▶ **Data in this exercise**
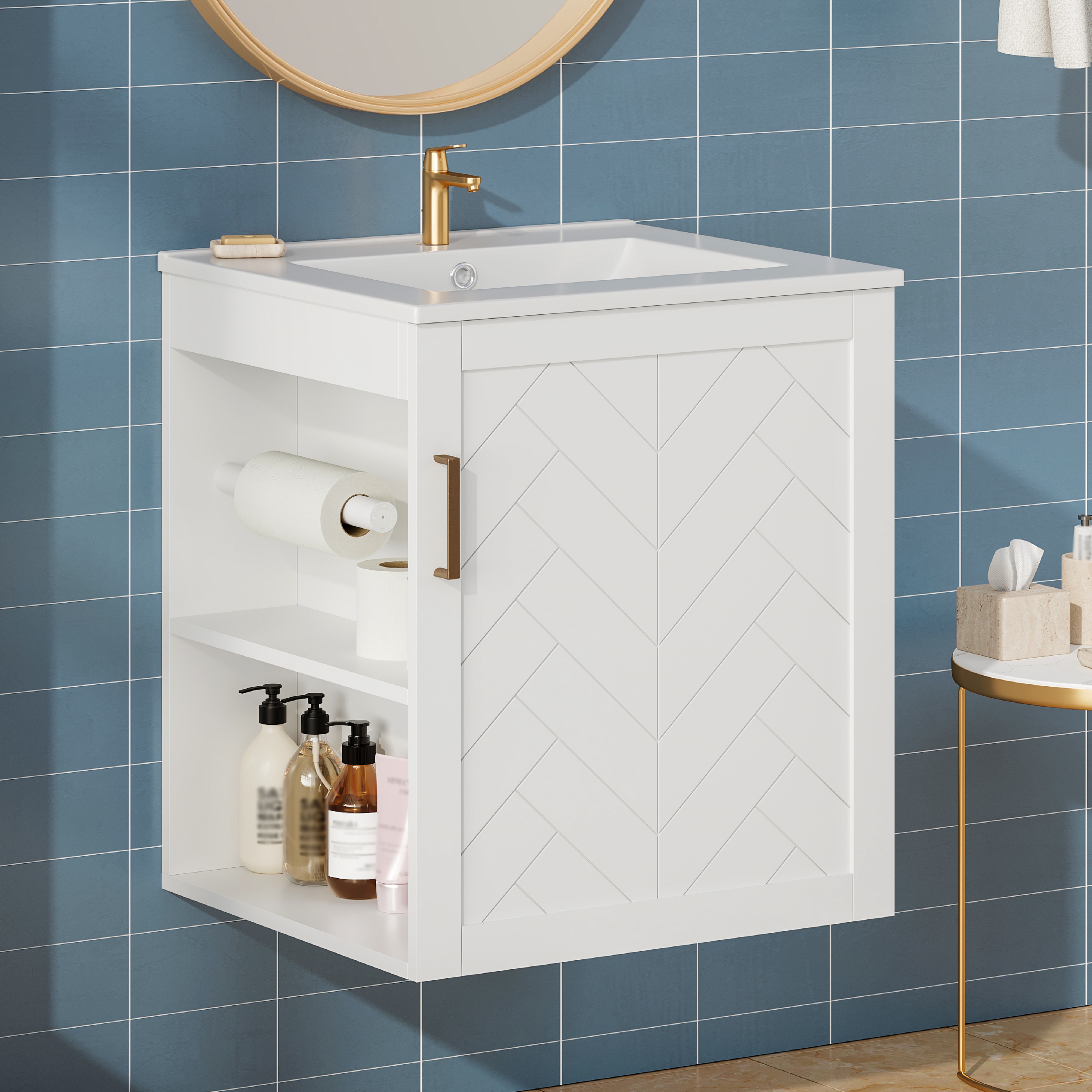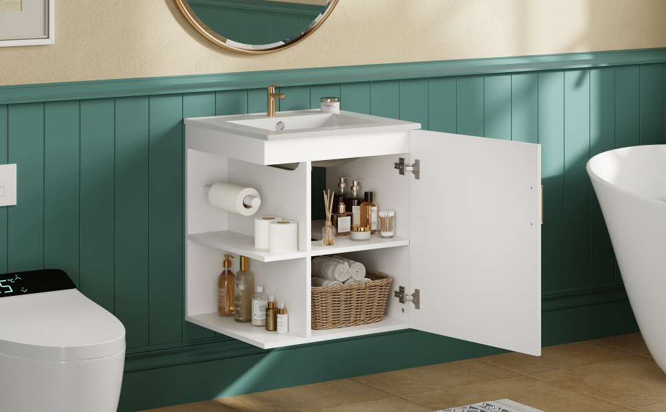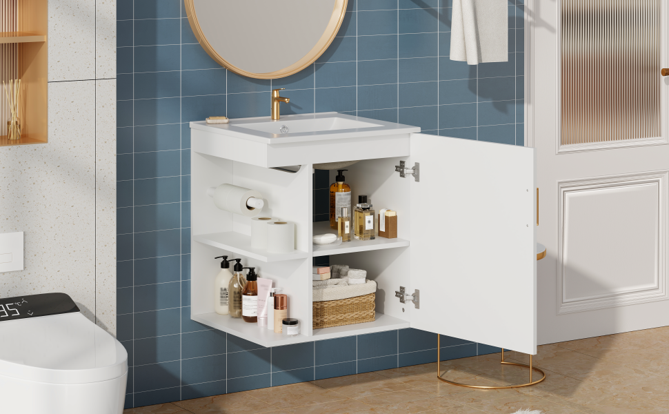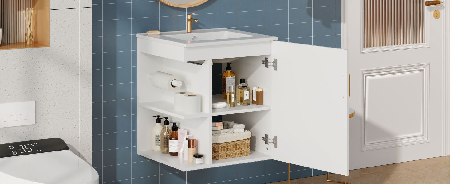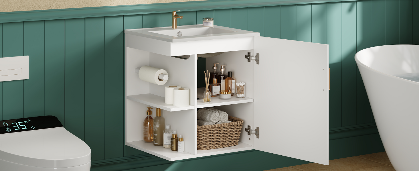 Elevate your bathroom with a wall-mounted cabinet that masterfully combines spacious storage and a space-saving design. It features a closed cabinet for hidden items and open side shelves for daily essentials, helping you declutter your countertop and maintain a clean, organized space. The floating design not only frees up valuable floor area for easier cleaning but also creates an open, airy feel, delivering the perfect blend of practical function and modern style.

---

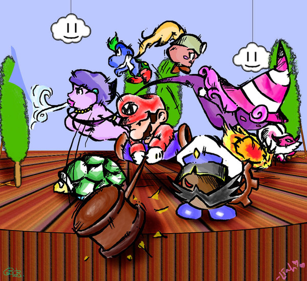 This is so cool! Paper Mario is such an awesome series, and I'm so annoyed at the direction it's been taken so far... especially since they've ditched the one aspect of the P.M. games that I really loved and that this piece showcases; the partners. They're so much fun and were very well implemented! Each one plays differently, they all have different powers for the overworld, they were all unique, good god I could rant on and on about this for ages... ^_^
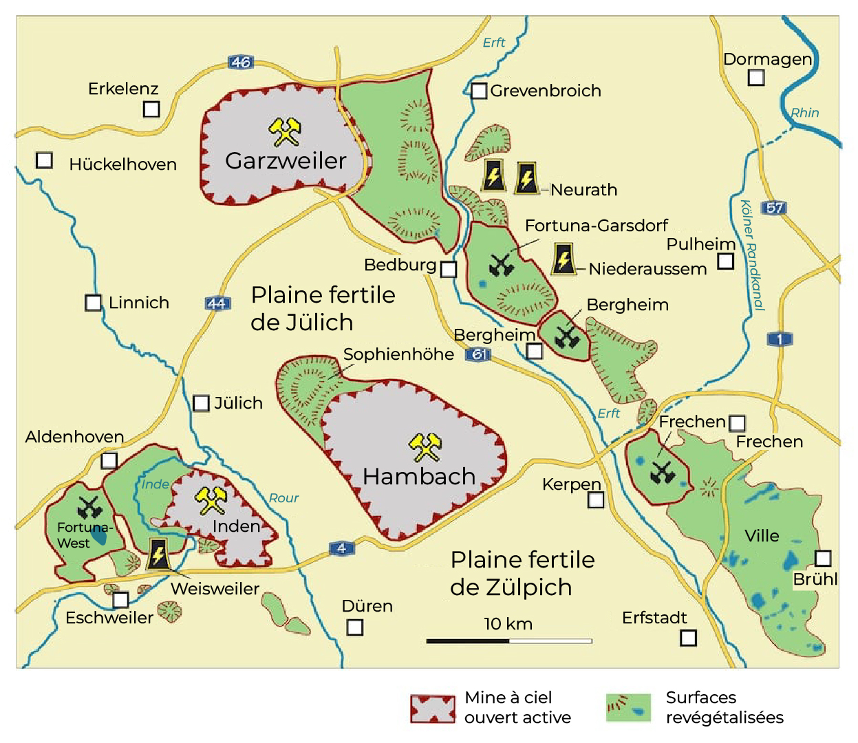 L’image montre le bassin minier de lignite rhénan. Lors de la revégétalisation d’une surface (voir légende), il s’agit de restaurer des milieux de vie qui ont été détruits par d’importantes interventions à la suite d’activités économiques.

▶ **What is required**
Using the entries above, reproduce word for word only the lines from the one that contains "This is so cool!" to the one that contains "L’image montre le", both ends included, and drop every picture.

▶ **Result below**
 This is so cool! Paper Mario is such an awesome series, and I'm so annoyed at the direction it's been taken so far... especially since they've ditched the one aspect of the P.M. games that I really loved and that this piece showcases; the partners. They're so much fun and were very well implemented! Each one plays differently, they all have different powers for the overworld, they were all unique, good god I could rant on and on about this for ages... ^_^
 L’image montre le bassin minier de lignite rhénan. Lors de la revégétalisation d’une surface (voir légende), il s’agit de restaurer des milieux de vie qui ont été détruits par d’importantes interventions à la suite d’activités économiques.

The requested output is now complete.